Dataset entries
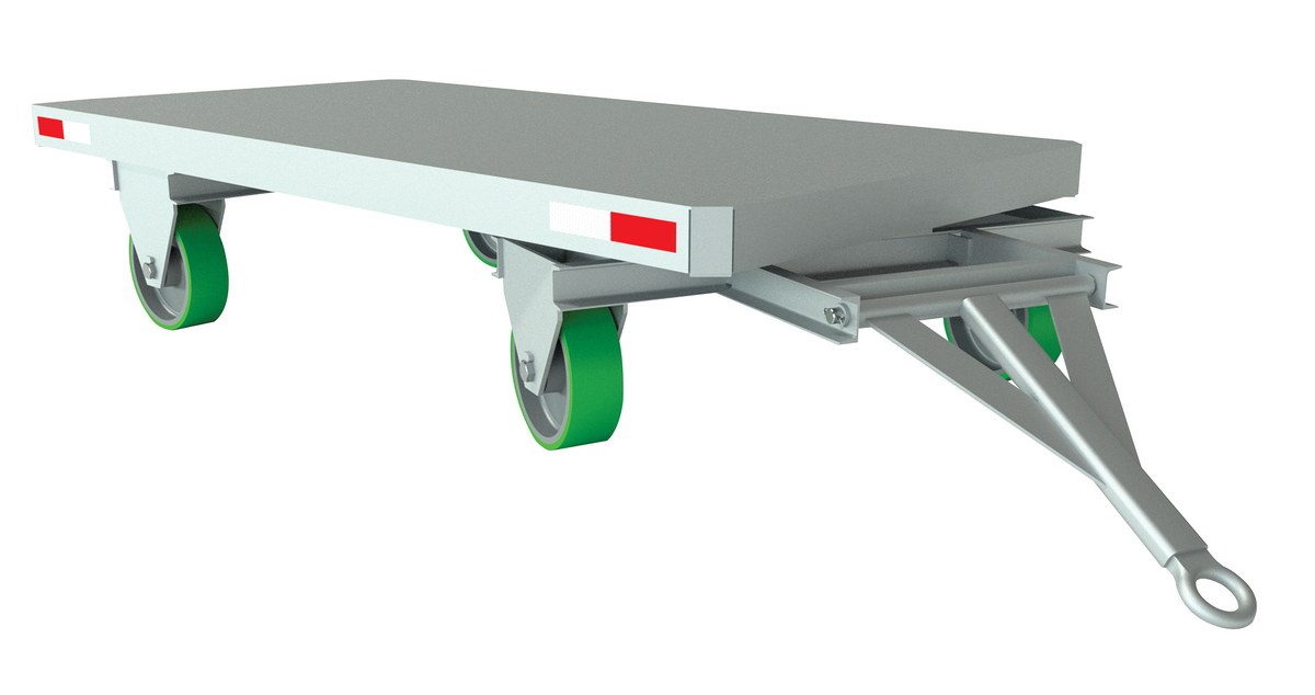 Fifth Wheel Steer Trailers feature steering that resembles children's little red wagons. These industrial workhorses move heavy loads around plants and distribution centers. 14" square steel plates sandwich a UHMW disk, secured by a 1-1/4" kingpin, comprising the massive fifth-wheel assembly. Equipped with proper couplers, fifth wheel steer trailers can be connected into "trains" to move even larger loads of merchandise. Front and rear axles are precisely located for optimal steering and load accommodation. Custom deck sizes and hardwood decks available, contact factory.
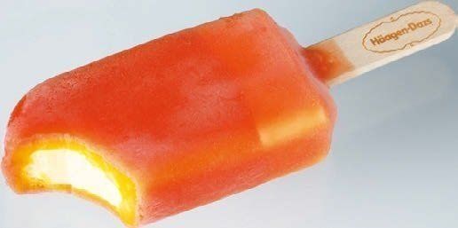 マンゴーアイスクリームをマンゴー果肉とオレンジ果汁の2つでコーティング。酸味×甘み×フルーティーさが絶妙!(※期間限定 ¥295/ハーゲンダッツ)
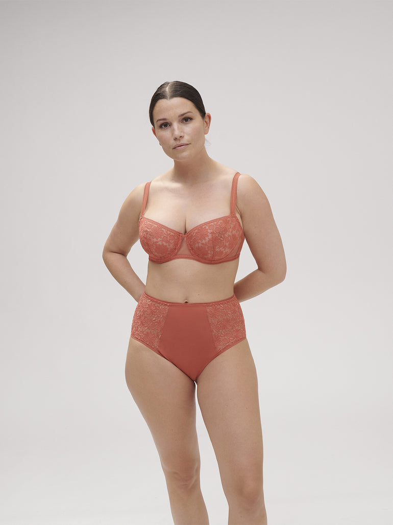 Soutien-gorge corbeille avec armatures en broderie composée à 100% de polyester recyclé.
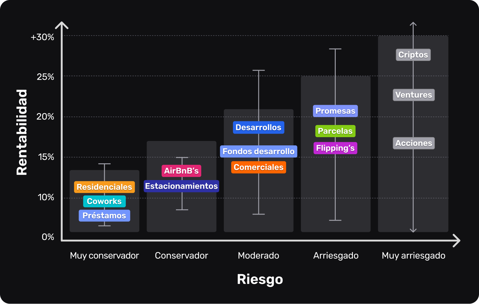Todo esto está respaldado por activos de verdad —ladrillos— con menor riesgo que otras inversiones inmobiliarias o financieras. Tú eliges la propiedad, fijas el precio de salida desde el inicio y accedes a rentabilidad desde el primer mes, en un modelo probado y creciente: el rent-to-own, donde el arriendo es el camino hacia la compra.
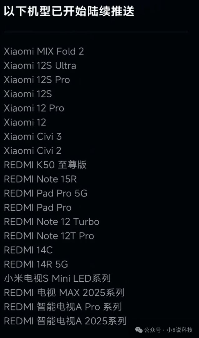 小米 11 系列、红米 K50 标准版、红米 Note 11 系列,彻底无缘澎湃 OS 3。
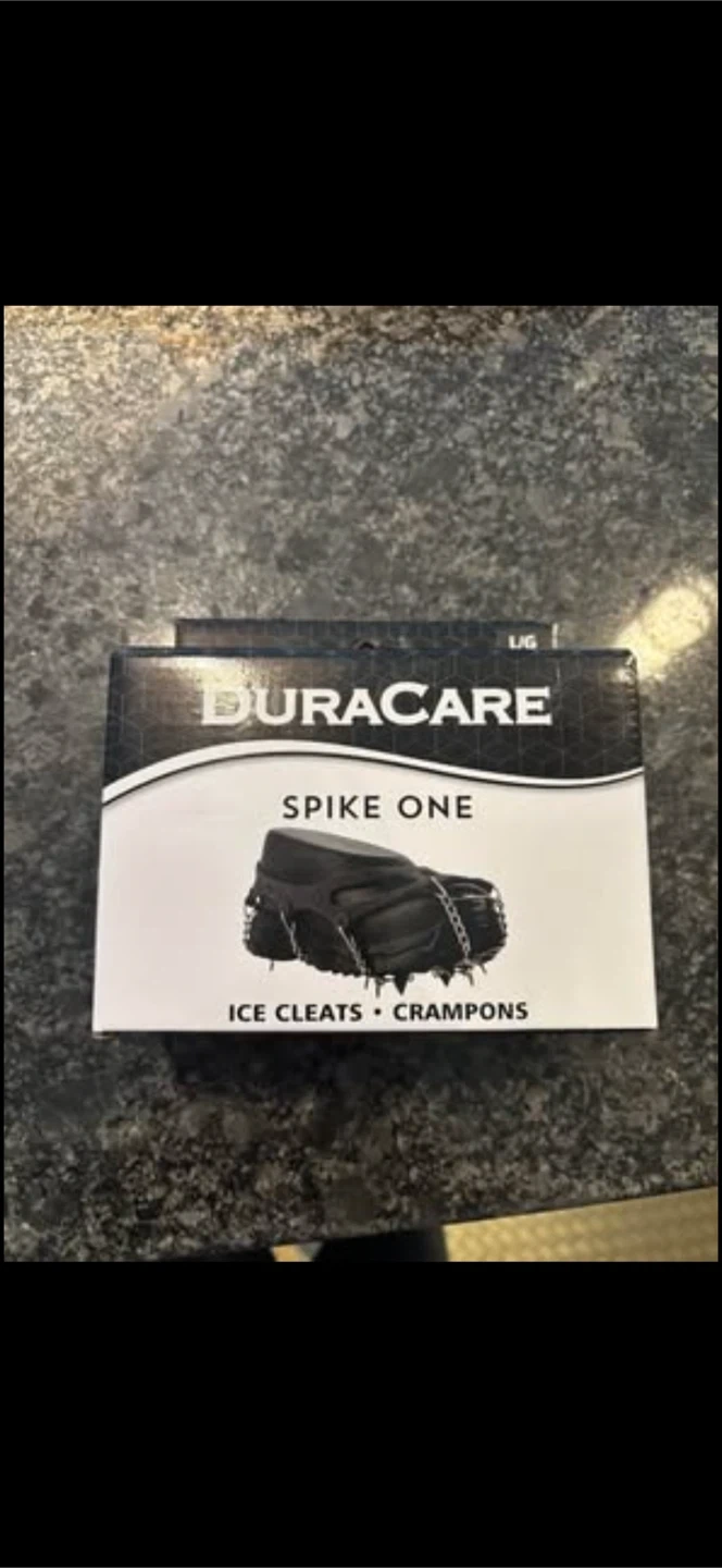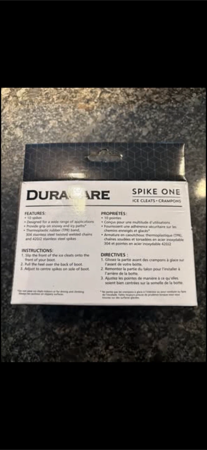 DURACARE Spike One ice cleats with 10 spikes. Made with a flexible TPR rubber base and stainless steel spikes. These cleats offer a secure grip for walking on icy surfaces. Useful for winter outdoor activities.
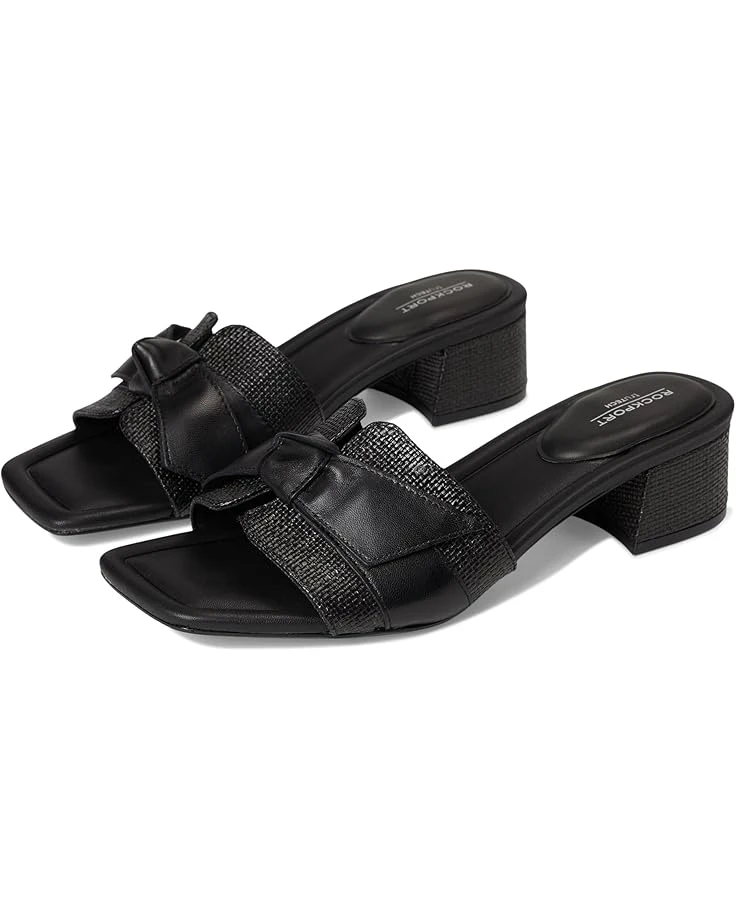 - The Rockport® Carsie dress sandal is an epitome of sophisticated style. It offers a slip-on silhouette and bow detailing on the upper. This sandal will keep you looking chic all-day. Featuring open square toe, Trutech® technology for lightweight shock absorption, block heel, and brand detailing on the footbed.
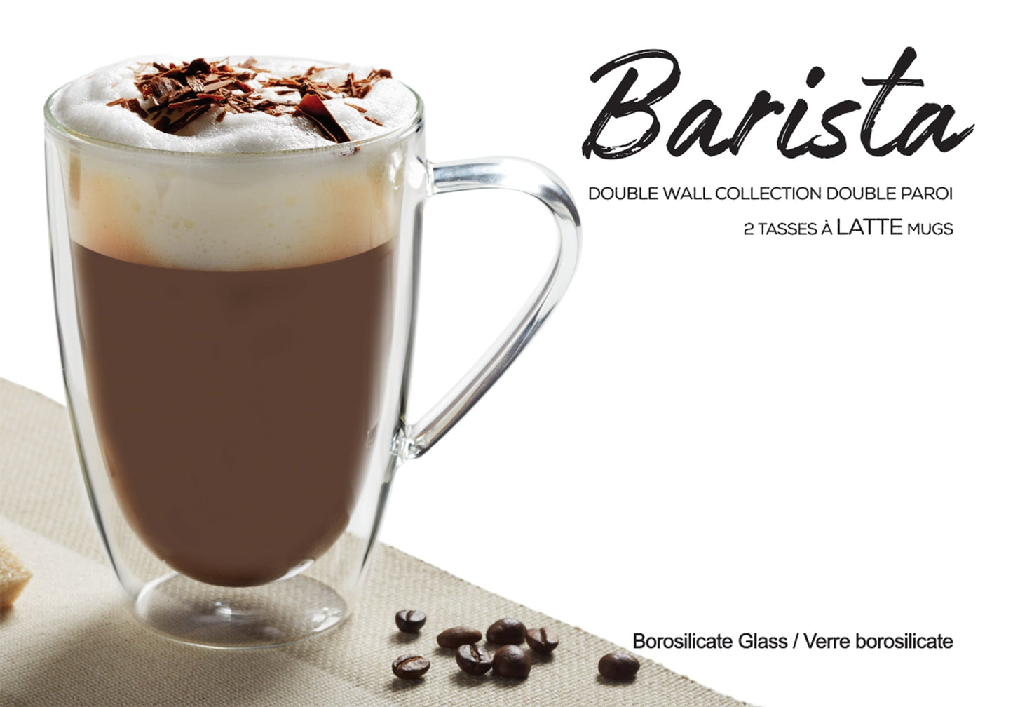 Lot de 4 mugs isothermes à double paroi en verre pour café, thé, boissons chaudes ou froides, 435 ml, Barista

Work to be completed: Using the entries above, reproduce word for word only the lines from the one that contains "Todo esto está" to the one that contains "- The Rockport®", both ends included, and drop every picture.

Solution for this exercise:
Todo esto está respaldado por activos de verdad —ladrillos— con menor riesgo que otras inversiones inmobiliarias o financieras. Tú eliges la propiedad, fijas el precio de salida desde el inicio y accedes a rentabilidad desde el primer mes, en un modelo probado y creciente: el rent-to-own, donde el arriendo es el camino hacia la compra.
 小米 11 系列、红米 K50 标准版、红米 Note 11 系列,彻底无缘澎湃 OS 3。
 DURACARE Spike One ice cleats with 10 spikes. Made with a flexible TPR rubber base and stainless steel spikes. These cleats offer a secure grip for walking on icy surfaces. Useful for winter outdoor activities.
 - The Rockport® Carsie dress sandal is an epitome of sophisticated style. It offers a slip-on silhouette and bow detailing on the upper. This sandal will keep you looking chic all-day. Featuring open square toe, Trutech® technology for lightweight shock absorption, block heel, and brand detailing on the footbed.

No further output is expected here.